Armenians in the Middle East

Total population
- About 6 Million

Regions with significant populations
- Lebanon: 150,000
- Iran: 200,000
- Syria: 100,000
- Turkey: 60,000 300,000–5,000,000 (Hidden Armenians)
- Iraq: 60,000–80,000
- Egypt: 6,500-12,000
- Kuwait: 6,000
- Palestine and Israel: 5,000–6,000
- United Arab Emirates: 5,000
- Cyprus: 3,500
- Jordan: 3,000
- Qatar: 800-5,500

Languages
- Armenian and the official language(s) of the host country

Religion
- Armenian Apostolic Church Armenian Catholic Church Armenian Evangelical Church and Islam

= Armenians in the Middle East =

Ethnic group in West Asia

In the Middle East, Armenians are mostly concentrated in Iran, Lebanon, Cyprus, Syria, Jordan, Saudi Arabia and Jerusalem, although well-established communities exist in Iraq, Egypt, Turkey and other countries of the area including, of course, Armenia itself. They tend to speak the Western dialect of the Armenian language (except those of Iran) and the majority are adherents of the Armenian Apostolic Church, with Catholic and Protestant minorities. There is a sizable Armenian population in the thousands in Israel. There is also the Armenian Quarter in Jerusalem with a history that goes back 2,000 years.

== History ==

The Armenian royalty had always kept close contact with neighboring Persia. In the 1st century B.C., Tigranes the Great, the king of kings of the Armenian Empire, ruled over a significant part of the region. Armenians have a millennia-long native history in the region, and are part of the indigenous inhabitants of northwestern Iran, as well as many of the oldest Armenian churches, chapels, and monasteries are located there.
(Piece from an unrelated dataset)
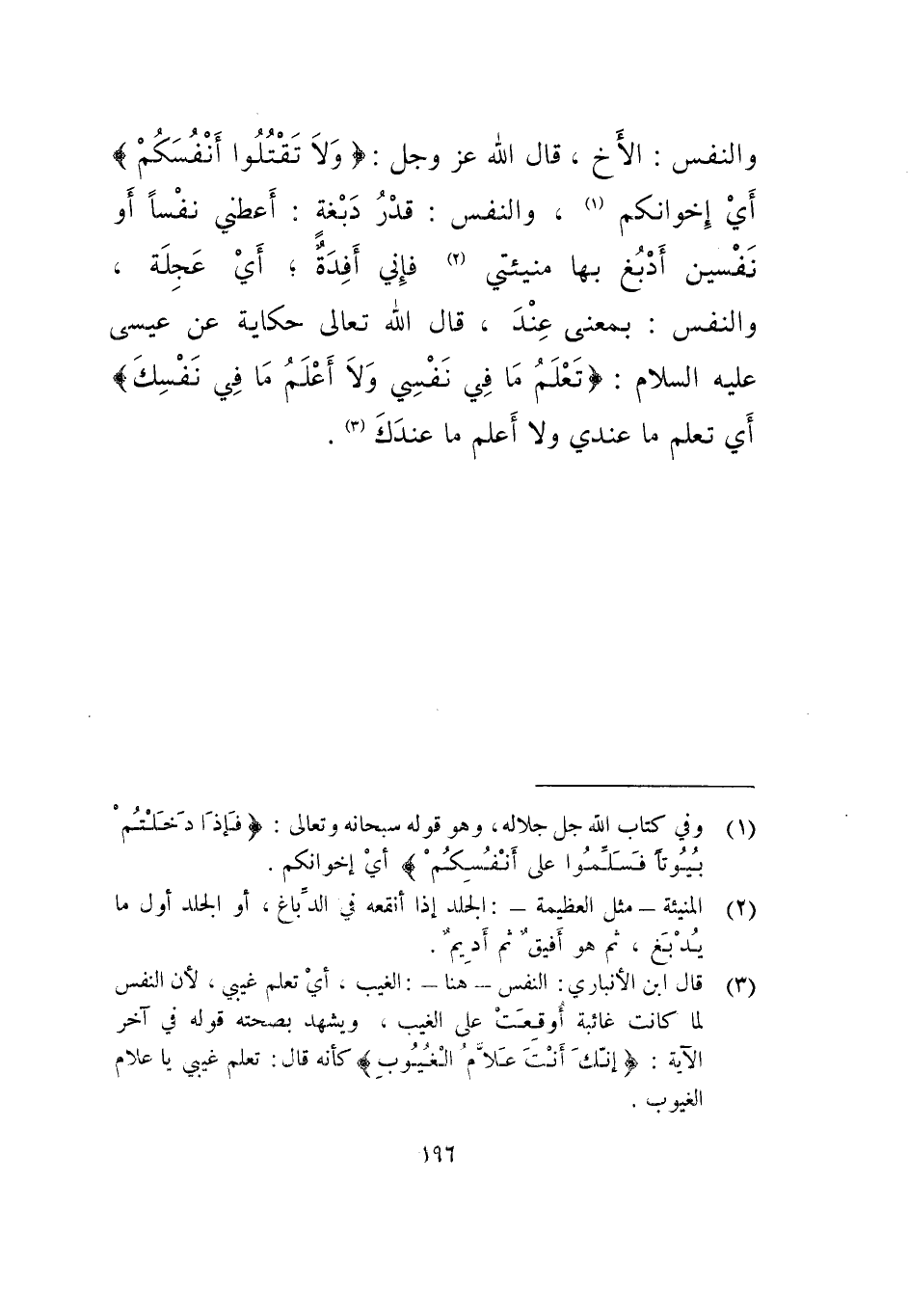 والنفسُ: الأخ، قال الله عز وجل: (ولا تقتلوا أنفسكم) أي إخوانكم، والنفس: قدر دبغة: أعطني نفسا أو نفسين أدبغ بها منيئتي فإني أفدَةٌ، أي عجلة، والنفس: بمعنى عند، قال الله تعالى حكاية عن عيسى عليه السلام: (وتعلم ما في نفسي ولا أعلم ما في نفسك) أي تعلم ما عندي ولا أعلم ما عندك.

During the Middle Ages, Armenians established a new kingdom in Cilicia, which despite its strong European influence, not unlike Cyprus, was often considered as being part of the Levant, thus in the Middle East. There were Armenian communities (in the form of well-established quarters in major cities) in the Edessa region, Northern Syria, Jerusalem, Egypt, and have played a direct role in many key events, such as the Crusades.
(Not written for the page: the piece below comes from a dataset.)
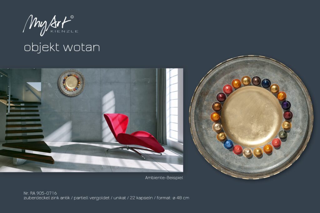 Das Zentrum von WOTAN bildet der verzinkte Deckel eines alten Waschzubers – ein Fundstück aus vergangener Alltagskultur, rau und authentisch. Seine Zeitspuren und das matte Metall kontrastieren mit einem goldenen Kreis im Inneren, der dem Objekt eine fast kultische Präsenz verleiht. Darum legt sich ein Ring aus farbigen Kaffeekapseln – in Bronze, Blau, Rot, Violett und Gold. Ein strahlendes Spektrum industrieller Farbwelten trifft auf die schlichte Würde des alten Materials. WOTAN erzählt von Wandel und Wiederentdeckung – ein Objekt zwischen Ritual und Recycling, zwischen Gebrauchsgegenstand und Kunstsymbol. Unverwechselbar. Einzigartig.

The Armenians' presence in northern Persia continued to increase. However their presence notably significantly strengthened in 1604–1605, when Shah Abbas of the Safavid Empire deported 250,000–300,000 Armenians deeper into Persia. The Armenians, notably those of Iran, were recognized as being astute businessmen and were renowned throughout the World.

During the Ottoman period, the Levantine Armenian communities had diminished in number because of previous conflicts, such as the Mamluk invasion of Cilicia, Tamerlane's invasion of Syria, and so on.

From the 16th century until 1828, all of Eastern Armenia, which includes all of the modern-day Armenia, was part of Qajar Iran, alongside the rest of Transcaucasia and parts of the North Caucasus. As a result of the Treaty of Turkmenchay, Iran irrevocably lost Eastern Armenia to neighboring Imperial Russia, while the terms stipulated the rights of the Tsar to make a call for Iran's very large Armenian community to settle in the newly conquered Caucasian territories of Russia. Many tens of thousands of Armenians relocated. A year after, per the Treaty of Adrianople of 1829 concluded with Ottoman Turkey, the Tsar gained the same rights now for the extant Ottoman Armenian population, and again many tens of thousands moved. As a result of this, the number of Armenians in the Middle East, who all lived either in Qajar Iran, or the Ottoman Empire, became reduced.

Many Ottoman Armenians forcefully came to the Levant and Mesopotamia (known today as Iraq) while many strengthened the already large Armenian community in neighboring Iran, while others moved to Russia and other parts of the world, as they fled during the Armenian genocide, during which 1.5 million Armenians perished.

In contemporary times, the Armenians in the region lived through and were forced to participate in many conflicts, such as the Arab–Israeli conflict, the Lebanese Civil War, and under Saddam Hussein in the Iran–Iraq War during the 1980s and the first Gulf War of 1990–91.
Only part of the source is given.